**Exercise objective:**
Please reproduce all of the data exactly as it appears, but skip the pictures.

**Data section:**
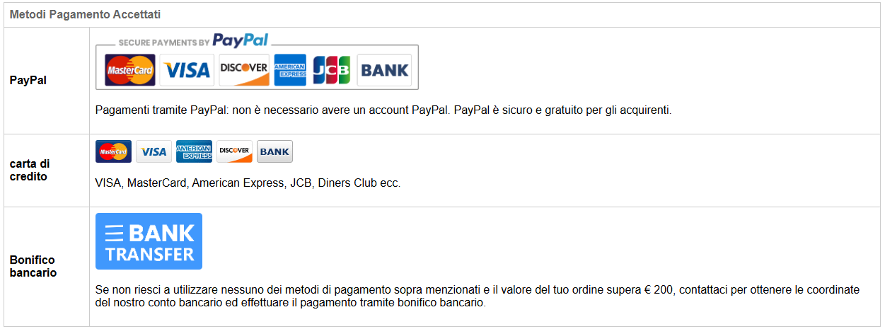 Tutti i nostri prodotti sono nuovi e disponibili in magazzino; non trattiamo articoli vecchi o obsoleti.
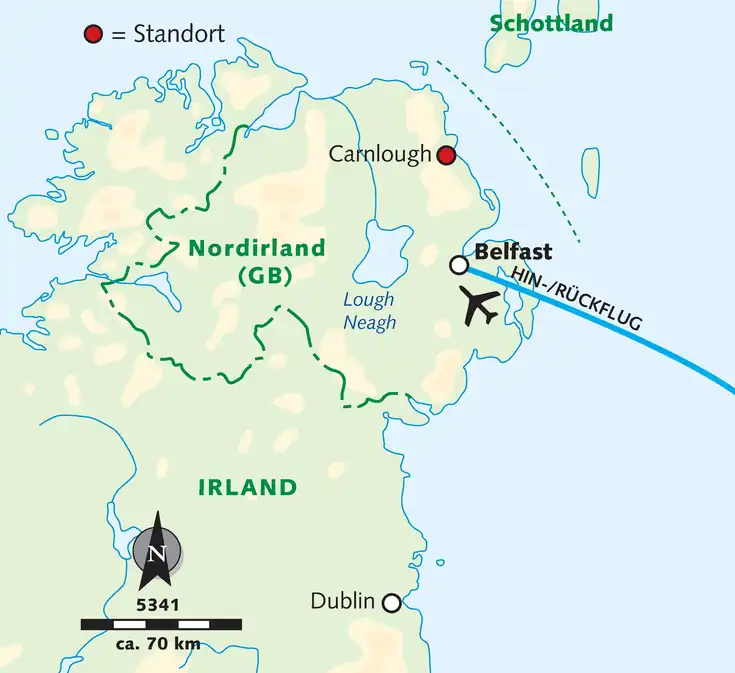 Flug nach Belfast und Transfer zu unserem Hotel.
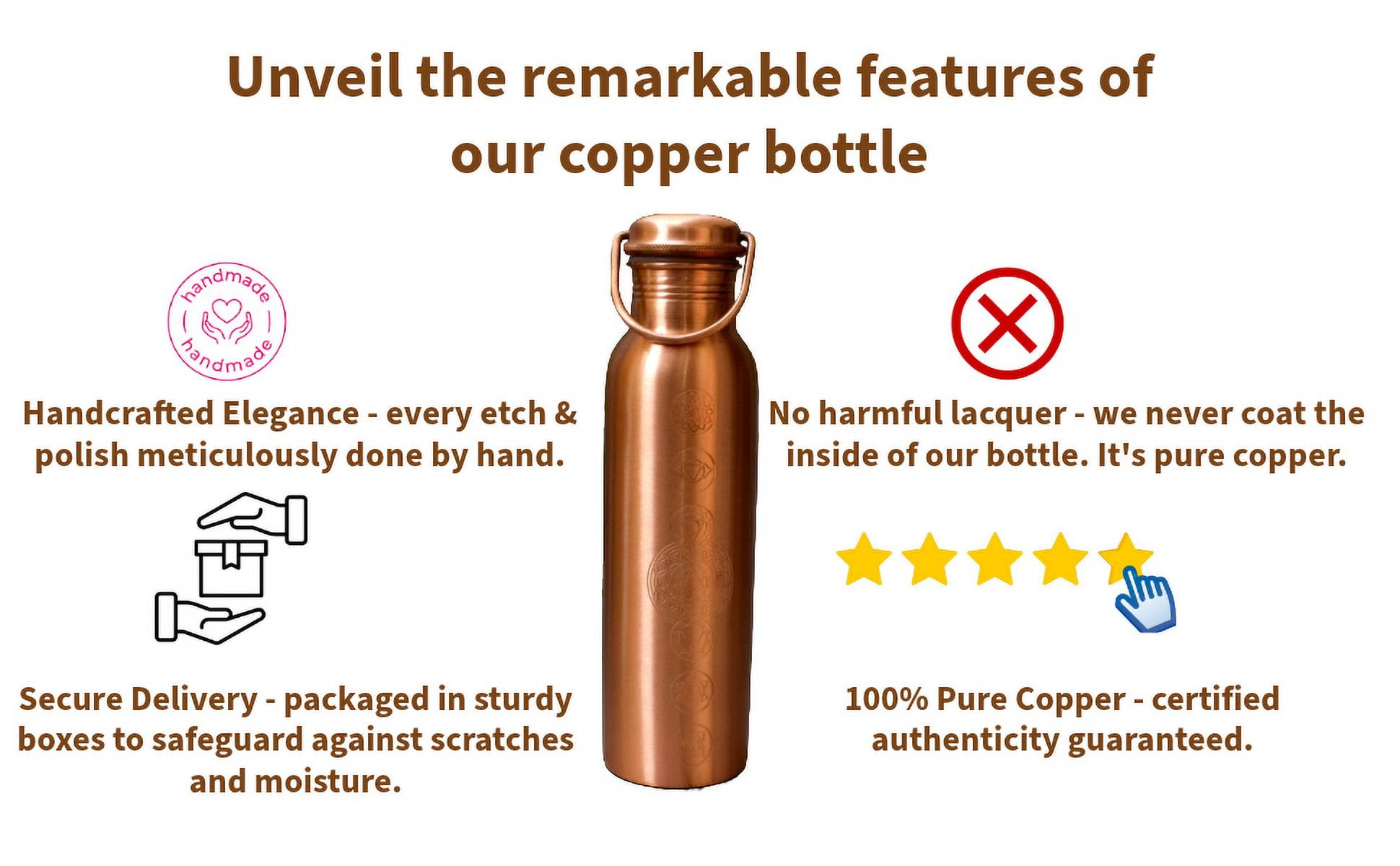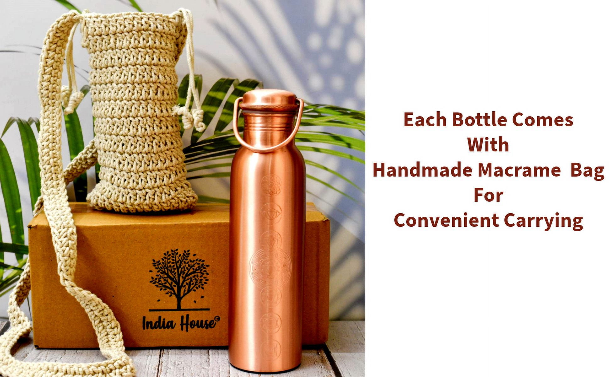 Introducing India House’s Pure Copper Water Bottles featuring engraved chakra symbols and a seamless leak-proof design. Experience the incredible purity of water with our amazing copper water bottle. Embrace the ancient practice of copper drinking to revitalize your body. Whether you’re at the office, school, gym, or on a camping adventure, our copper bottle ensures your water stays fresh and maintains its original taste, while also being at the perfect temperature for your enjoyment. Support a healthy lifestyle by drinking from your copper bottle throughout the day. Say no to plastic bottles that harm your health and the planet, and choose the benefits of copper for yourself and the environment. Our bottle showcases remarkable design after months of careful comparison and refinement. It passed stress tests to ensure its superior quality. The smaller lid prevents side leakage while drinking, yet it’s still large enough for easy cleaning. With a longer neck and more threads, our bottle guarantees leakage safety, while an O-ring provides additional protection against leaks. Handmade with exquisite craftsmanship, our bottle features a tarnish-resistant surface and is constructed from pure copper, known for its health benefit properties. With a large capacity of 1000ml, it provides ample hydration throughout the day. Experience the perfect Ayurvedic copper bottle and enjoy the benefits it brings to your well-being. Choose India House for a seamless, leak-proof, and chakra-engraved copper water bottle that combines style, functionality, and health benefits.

**Exercise solution:**
 Tutti i nostri prodotti sono nuovi e disponibili in magazzino; non trattiamo articoli vecchi o obsoleti.
 Flug nach Belfast und Transfer zu unserem Hotel.
 Introducing India House’s Pure Copper Water Bottles featuring engraved chakra symbols and a seamless leak-proof design. Experience the incredible purity of water with our amazing copper water bottle. Embrace the ancient practice of copper drinking to revitalize your body. Whether you’re at the office, school, gym, or on a camping adventure, our copper bottle ensures your water stays fresh and maintains its original taste, while also being at the perfect temperature for your enjoyment. Support a healthy lifestyle by drinking from your copper bottle throughout the day. Say no to plastic bottles that harm your health and the planet, and choose the benefits of copper for yourself and the environment. Our bottle showcases remarkable design after months of careful comparison and refinement. It passed stress tests to ensure its superior quality. The smaller lid prevents side leakage while drinking, yet it’s still large enough for easy cleaning. With a longer neck and more threads, our bottle guarantees leakage safety, while an O-ring provides additional protection against leaks. Handmade with exquisite craftsmanship, our bottle features a tarnish-resistant surface and is constructed from pure copper, known for its health benefit properties. With a large capacity of 1000ml, it provides ample hydration throughout the day. Experience the perfect Ayurvedic copper bottle and enjoy the benefits it brings to your well-being. Choose India House for a seamless, leak-proof, and chakra-engraved copper water bottle that combines style, functionality, and health benefits.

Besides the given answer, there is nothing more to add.